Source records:
════════════════════

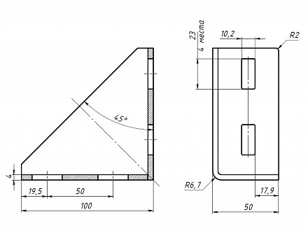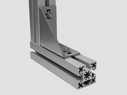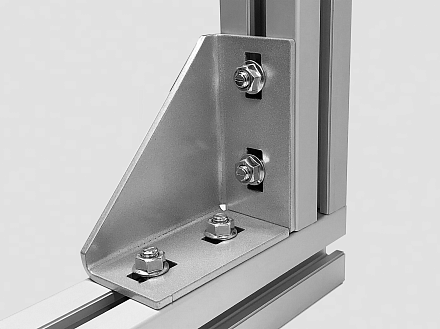 Угловой соединитель стальной 50х100S предназначен для соединения алюминиевых конструкционных станочных профилей под углом 90 градусов.
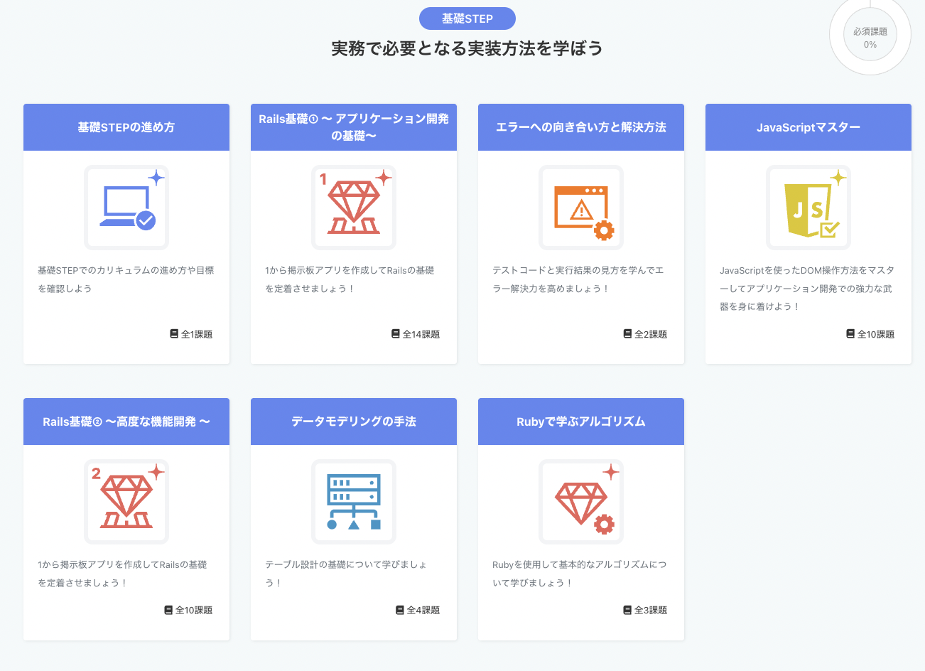 RUNTEQのカリキュラムは、大きく分けて以下のステップで構成されています。
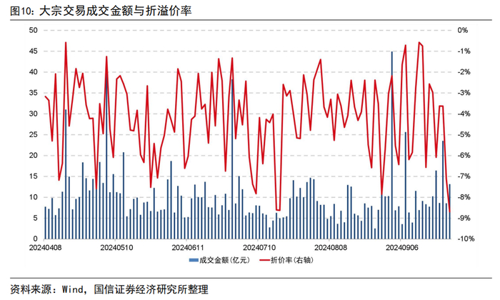 近半年以来大宗交易日均成交金额达到10亿元,20240930当日成交金额为13亿元,近半年以来平均折价率4.16%,20240930当日折价率为8.69%,创近半年来新低,近半年大宗交易成交金额与折价率如下图所示。
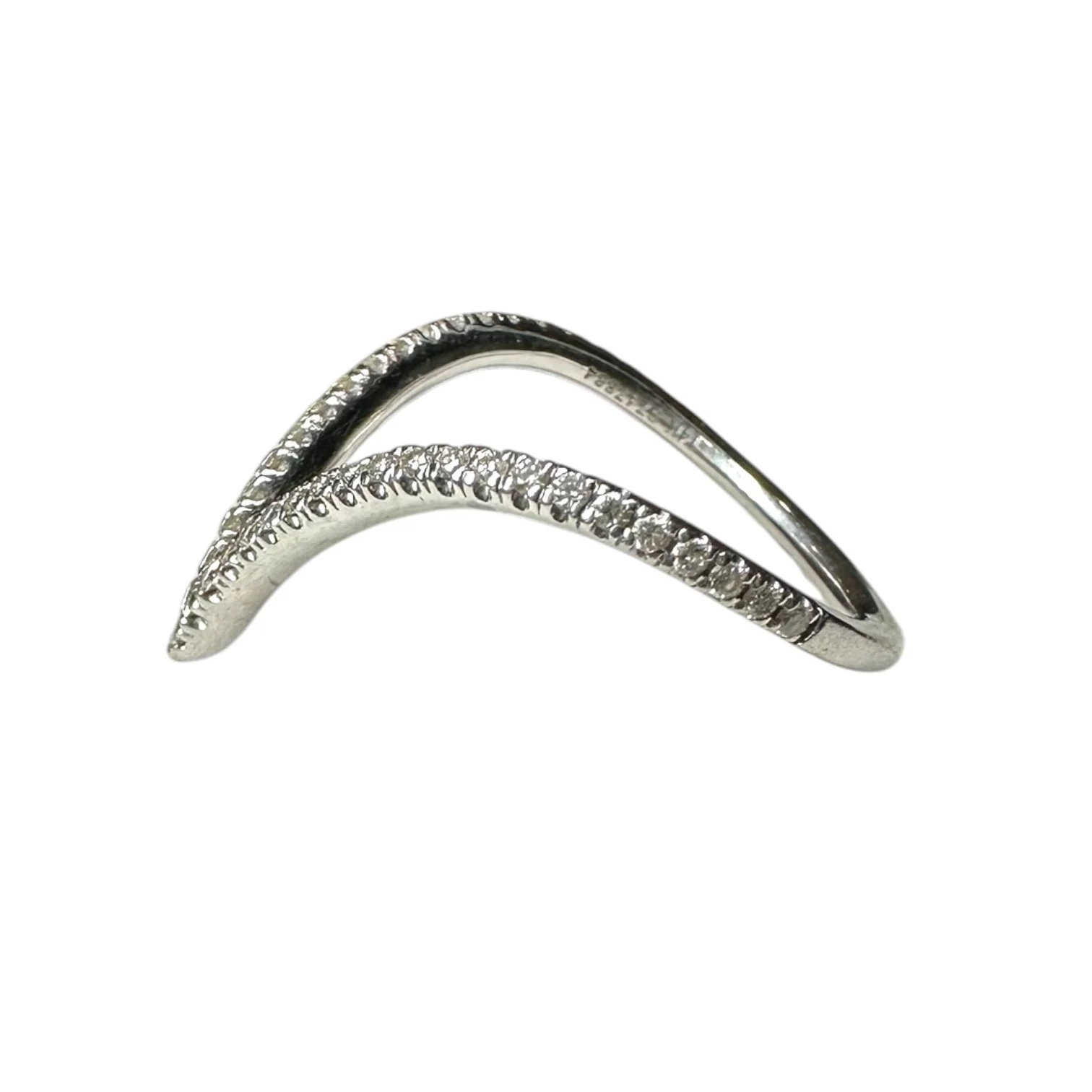 A modern V-style diamond band crafted in 14 karat white gold, offering a clean, angular silhouette with delicate brilliance.
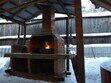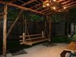 Просторный уличный навес с большим Барбекю, большим столом, огромными качелями и лавочками.
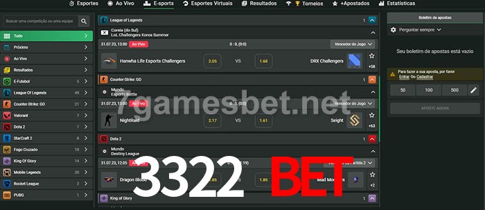 O 3322 Bet oferece uma grande seleção de opções de apostas em e-sports com probabilidades competitivas
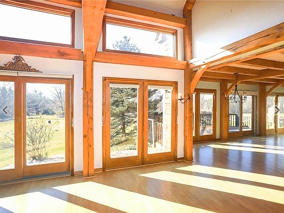 Elegant post-and-beam contemporary tucked away in a serene, private setting. The light-filled open floor plan is anchored by a dramatic two-story fireplace, flowing seamlessly into an expansive eat-in kitchen and dining area with picturesque views of the landscape. Featured on the cover of Country Living Magazine's 1997 House of the Year, this residence embodies timeless sophistication and classic New England charm. The first-floor primary suite offers a private balcony and spa-inspired bath. Upstairs, a spacious family room, additional bedrooms, and a full bath provide both comfort and flexibility. Radiant heat, mini-split systems, and multiple stoves ensure year-round comfort. Walk-out basement and oversize garage offer generous storage. Water and snow plowing included. Tenant responsible for trash ($50/month) and lawn care.
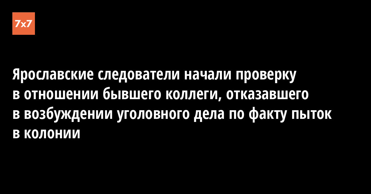 Следователь, который отказал в возбуждении дела по факту пыток в ярославской исправительной колонии №1, год назад уволился из следственного управления. В отношении него началась процессуальная проверка. Об этом корреспонденту «7x7» 23 июля сообщила пресс-секретарь ярославского управления Следственного комитета Кристина Гузовская.
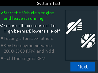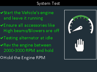 Tap System Test to complete the Starter and Electrical System Testing. See System Test section below

════════════════════

## Activity
Print exactly the first line of the entries and every line after it through the one that contains "Следователь, который отказал", leaving the pictures out.

## Answer for the task
 Угловой соединитель стальной 50х100S предназначен для соединения алюминиевых конструкционных станочных профилей под углом 90 градусов.
 RUNTEQのカリキュラムは、大きく分けて以下のステップで構成されています。
 近半年以来大宗交易日均成交金额达到10亿元,20240930当日成交金额为13亿元,近半年以来平均折价率4.16%,20240930当日折价率为8.69%,创近半年来新低,近半年大宗交易成交金额与折价率如下图所示。
 A modern V-style diamond band crafted in 14 karat white gold, offering a clean, angular silhouette with delicate brilliance.
 Просторный уличный навес с большим Барбекю, большим столом, огромными качелями и лавочками.
 O 3322 Bet oferece uma grande seleção de opções de apostas em e-sports com probabilidades competitivas
 Elegant post-and-beam contemporary tucked away in a serene, private setting. The light-filled open floor plan is anchored by a dramatic two-story fireplace, flowing seamlessly into an expansive eat-in kitchen and dining area with picturesque views of the landscape. Featured on the cover of Country Living Magazine's 1997 House of the Year, this residence embodies timeless sophistication and classic New England charm. The first-floor primary suite offers a private balcony and spa-inspired bath. Upstairs, a spacious family room, additional bedrooms, and a full bath provide both comfort and flexibility. Radiant heat, mini-split systems, and multiple stoves ensure year-round comfort. Walk-out basement and oversize garage offer generous storage. Water and snow plowing included. Tenant responsible for trash ($50/month) and lawn care.
 Следователь, который отказал в возбуждении дела по факту пыток в ярославской исправительной колонии №1, год назад уволился из следственного управления. В отношении него началась процессуальная проверка. Об этом корреспонденту «7x7» 23 июля сообщила пресс-секретарь ярославского управления Следственного комитета Кристина Гузовская.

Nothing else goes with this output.